Corresponding Author
: Dr. Mohammad Hassan Emara



Occult hepatitis B infection is defined as the presence of HBV DNA in serum and/or the liver tissue without detectable HBsAg with or without anti-HBc or anti-HBs antibodies. In Egypt many studies on occult hepatitis B have been conducted and this infection is well established in various patients groups. This short review sheds light on the occurrence of occult hepatitis B infection among different disease states in Egypt. The coexistence of occult hepatitis B with hepatitis C infection is of particular importance because of its added co-morbidity of liver enzymes elevation, increased severity of liver disease and increased risk of hepatocellular carcinoma. Patients on regular hemodialysis and those exposed to blood transfusion are at high risk of acquiring this form of infection. The highest  prevalence of occult hepatitis B virus in Egypt was reported among patients with hepatocellular carcinoma and similar to the scenario for classic hepatitis B infection, genotype D is the most prevalent genotype.

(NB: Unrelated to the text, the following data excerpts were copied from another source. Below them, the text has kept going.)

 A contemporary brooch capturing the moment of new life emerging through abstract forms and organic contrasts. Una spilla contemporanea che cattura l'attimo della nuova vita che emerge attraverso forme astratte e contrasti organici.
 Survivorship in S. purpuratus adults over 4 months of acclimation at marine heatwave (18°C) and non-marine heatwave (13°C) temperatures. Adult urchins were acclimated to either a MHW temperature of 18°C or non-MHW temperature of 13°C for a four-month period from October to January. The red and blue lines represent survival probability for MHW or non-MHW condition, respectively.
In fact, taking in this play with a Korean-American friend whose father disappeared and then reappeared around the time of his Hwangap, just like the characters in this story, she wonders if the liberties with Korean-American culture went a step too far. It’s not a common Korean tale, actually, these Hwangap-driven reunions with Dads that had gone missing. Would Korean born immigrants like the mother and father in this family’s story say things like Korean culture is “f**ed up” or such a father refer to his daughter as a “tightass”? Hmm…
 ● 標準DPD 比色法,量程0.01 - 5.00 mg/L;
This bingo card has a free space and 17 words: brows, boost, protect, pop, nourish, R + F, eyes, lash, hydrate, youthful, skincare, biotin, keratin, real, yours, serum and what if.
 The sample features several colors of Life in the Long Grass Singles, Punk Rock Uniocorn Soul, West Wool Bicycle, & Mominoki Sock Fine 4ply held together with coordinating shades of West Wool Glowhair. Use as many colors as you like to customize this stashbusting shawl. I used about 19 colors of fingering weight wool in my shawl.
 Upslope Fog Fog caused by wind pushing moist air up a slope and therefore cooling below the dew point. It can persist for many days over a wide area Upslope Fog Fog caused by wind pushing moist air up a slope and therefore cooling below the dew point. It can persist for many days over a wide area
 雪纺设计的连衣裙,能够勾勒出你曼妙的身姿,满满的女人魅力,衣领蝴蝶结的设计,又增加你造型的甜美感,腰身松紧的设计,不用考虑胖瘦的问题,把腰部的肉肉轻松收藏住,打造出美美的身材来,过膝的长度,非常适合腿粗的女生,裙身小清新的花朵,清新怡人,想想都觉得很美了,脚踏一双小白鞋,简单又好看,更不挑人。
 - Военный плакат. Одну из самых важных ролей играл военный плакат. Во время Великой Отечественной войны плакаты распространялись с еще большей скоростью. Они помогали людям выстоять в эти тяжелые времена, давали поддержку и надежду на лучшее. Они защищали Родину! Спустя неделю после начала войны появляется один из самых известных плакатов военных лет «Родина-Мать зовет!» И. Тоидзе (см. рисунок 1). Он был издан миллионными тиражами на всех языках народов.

Hepatitis B virus (HBV) infection is a global health problem. Its d patterns of transmission vary greatly throughout the world.[1] Furthermore, the consequences of chronic HBV infection represent a major burden for health care systems because a large proportion of these patients go on to develop cirrhosis and hepatocellular carcinoma (HCC).[2] The prevalence of HBsAg in Egypt is of intermediate endemicity (2–8%).[3] Nearly 2-3 million Egyptians are chronic carriers of HBV. In Egypt HBV transmission is apparently a mixture of horizontal and perinatal transmission. However, the majority of HBV infection is acquired by the former route.[2]

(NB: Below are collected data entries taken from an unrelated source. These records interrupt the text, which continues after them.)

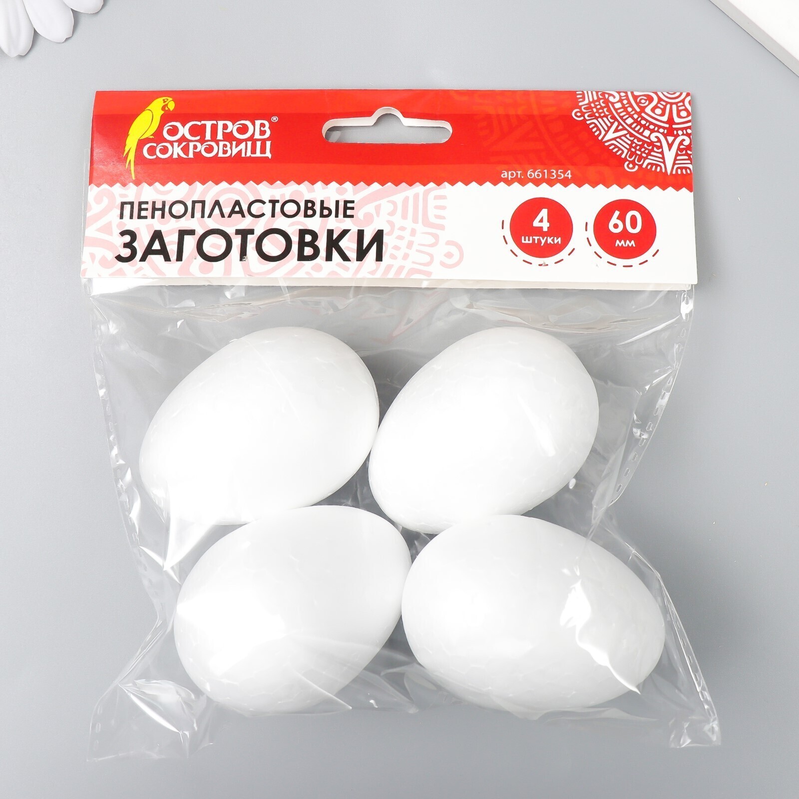 Пенопластовые заготовки для творчества "Эллипсы" набор 4 шт 6 см (яйцо)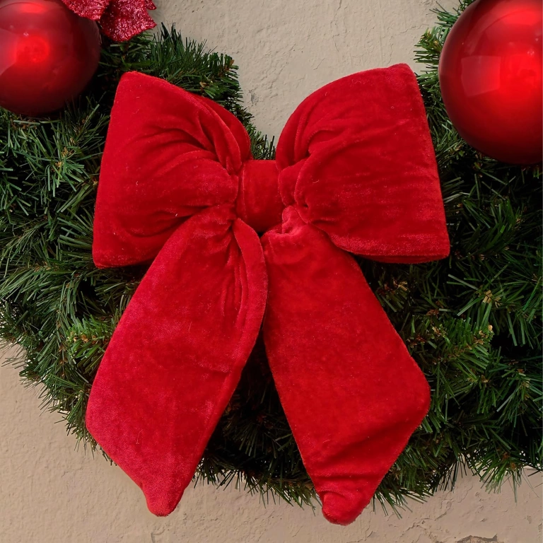 • Czerwona kokarda welurowa to elegancka i trwała dekoracja świąteczna. Miękka, sztywna i efektowna, doskonale sprawdzi się na choince, drzwiach, prezentach i stroikach.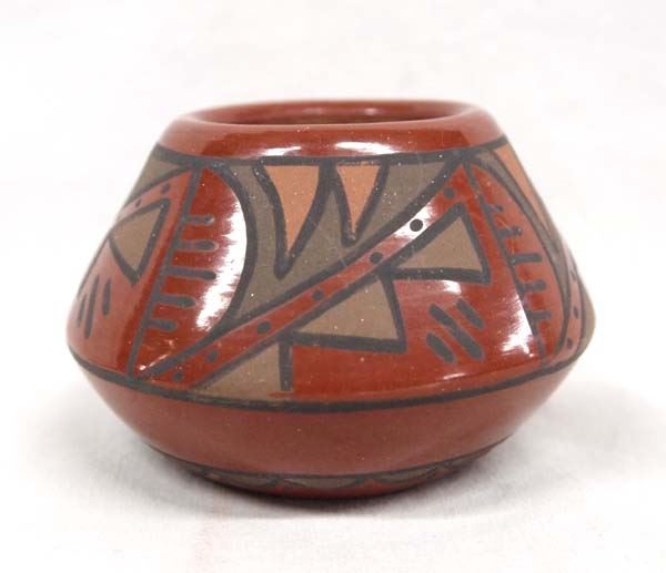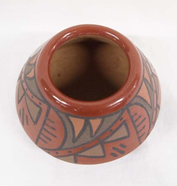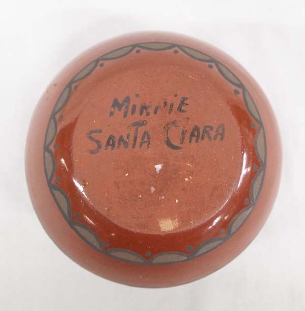 Native American Santa Clara Polychrome Miniature Geometric Jar by Minnie Vigil, measures 2''H x 3''D, signed on bottom by artist

Occult hepatitis B virus infection (OBI) is one of the most challenging topics in the field of viral hepatitis with its virological and clinical relevance being debated for more than 30 years.[4] Occult hepatitis B virus infection is defined as the presence of HBV DNA in serum and/or liver tissue without detectable HBsAg with or without anti-HBc or anti-HBs antibodies outside the pre-seroconversion window period.[5]

Prevalence of OBI varies in different studies due to differences in: (1) method of detection, including PCR primer selection and sensitivity of the assay; (2) patient recruitment, for example blood donors with/without anti-HBc; (3) patients from countries highly endemic for HBV are more likely to develop OBI; (4) prevalence may vary according to the nature of the biological material tested, with a higher proportion for liver compared to serum specimens and also the amount of DNA in the tested sample may influence prevalence rates of OBI;[6] and (5) a spurious increase of OBI prevalence rates may also noticed when kits with low sensitivity for detection of HBsAg are used. Hence to correctly test for HBsAg, international standard samples with known quantities of HBsAg are required.[7]

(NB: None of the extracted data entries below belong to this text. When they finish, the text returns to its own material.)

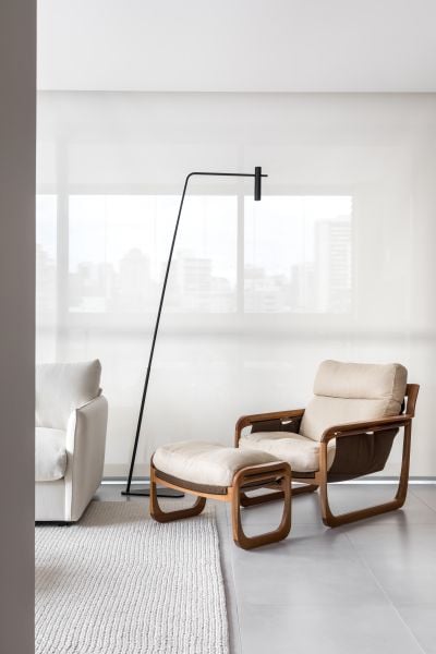 A iluminação técnica foi pensada para pontuar apenas o necessário, enquanto as peças de design de uma marca curitibana complementam a proposta, fazendo alusão ao pertencimento local e ao design brasileiro.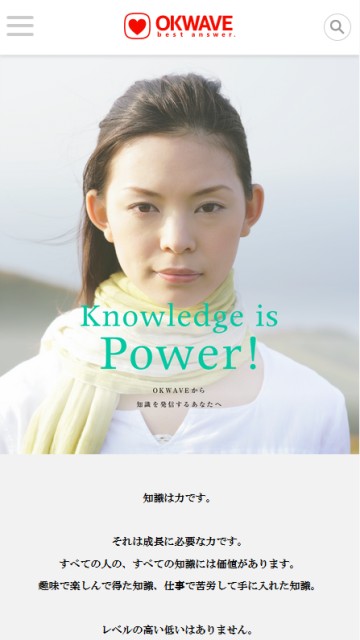 当社はすべての知識には価値があり、力がある、と考えています。『OKWAVE megrow』は“Knowledge is Power!”をコンセプトに、回答者の知識が守られ、他の人の成長の力となり、対価が支払われる場を目指します。質問者と回答者は当人同士のみの対話型コミュニケーションを通じて、質問者の問題解決をオンライン上で図ります。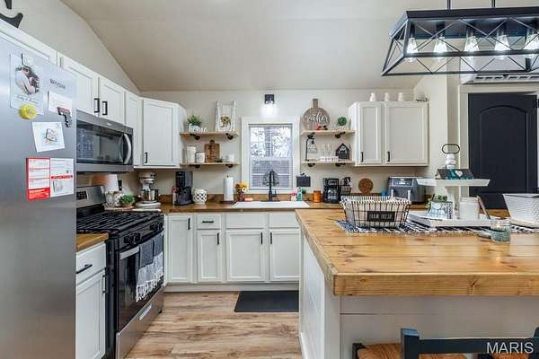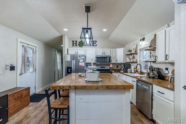 LOOKING for that AFFORDABLE NEWER HOME On 5 ACRES ? This SHOUSE STYLE HOME is UPGRADED with all the MODERN HOME INTERIOR TOUCHES. Privacy offered with Farms all around you. This STARTER HOME or just a GREAT WEEKEND GET AWAY offers LVP flooring, UPGRADED APPLIANCES , A LARGE CENTER BUTCHER BLOCK ISLAND with LARGE STORAGE SPACE . A MODER MASTER BEDROOM and FULL BATH with A VESSEL DOUBLE VANITY SINKS, TUB- SHOWER COMBO, VERY OPEN FLOOR PLAN THIS METAL HOME W/METAL ROOF IS ANCHORED TO A CONCRETE FOUNDATION SLAB. DON'T WORRY ABOUT YOUR CARS OR TOYS with THE LARGE METAL 24 X 20 CARPORT and A STORAGE CONTAINER. THIS HOME HAS TWO MINI SPLIT HEATING & COOLING UNITS. A MIX OF OPEN GROUND and WOODS.
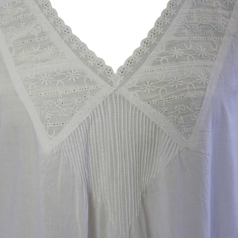 De V-vormige halslijn en mouwen zijn afgezet met smalle broderie anglaise. Onder de halslijn bevinden zich puntige kraagvormige pandjes met wit borduurwerk en zeer fijne plooitjes die zorgen voor die perfecte vintage look.

Since the diagnosis of OBI is dependent on detection of HBV DNA by PCR, which is an expensive tool and the Egyptian budget for health care and scientific research is very low, many Egyptian studies depend on anti-HBc positivity for diagnosis of OBI leading to missing of HBV DNA positive/anti-HBc negative cases and consequently underestimating the problem. Although there are no accurate estimates about the prevalence of OBI in different population groups in Egypt, this review is an attempt to shed light on available studies examining OBI prevalence and its impact on different population groups in Egypt (Table 1).

OBI and genetic mutations

Replication-defective mutants of HBV have been detected in the circulation of symptom free individuals as early as 1987.[8] In HBV sequences obtained from serum samples of HBsAg seronegative carriers, a plethora of mutations has been observed. Point mutations, deletions and splicing alternatives have been associated with OBI, but it is unclear weather these mutations are a cause or a consequence of this occult infection. Many of these OBI are associated with mutations in the S gene and/or regions governing the regulation of S gene expression, but they have also been documented in the core (C) and polymerase (P) genes.[9] Naturally occurring pre-S deletion mutants were shown to influence not only the liver disease progression but also chronic hepatitis B therapy. Mutations that change the antigenicity of HBsAg or decreases its synthesis may be the cause of lack detection of HBsAg in patients with OBI.[10]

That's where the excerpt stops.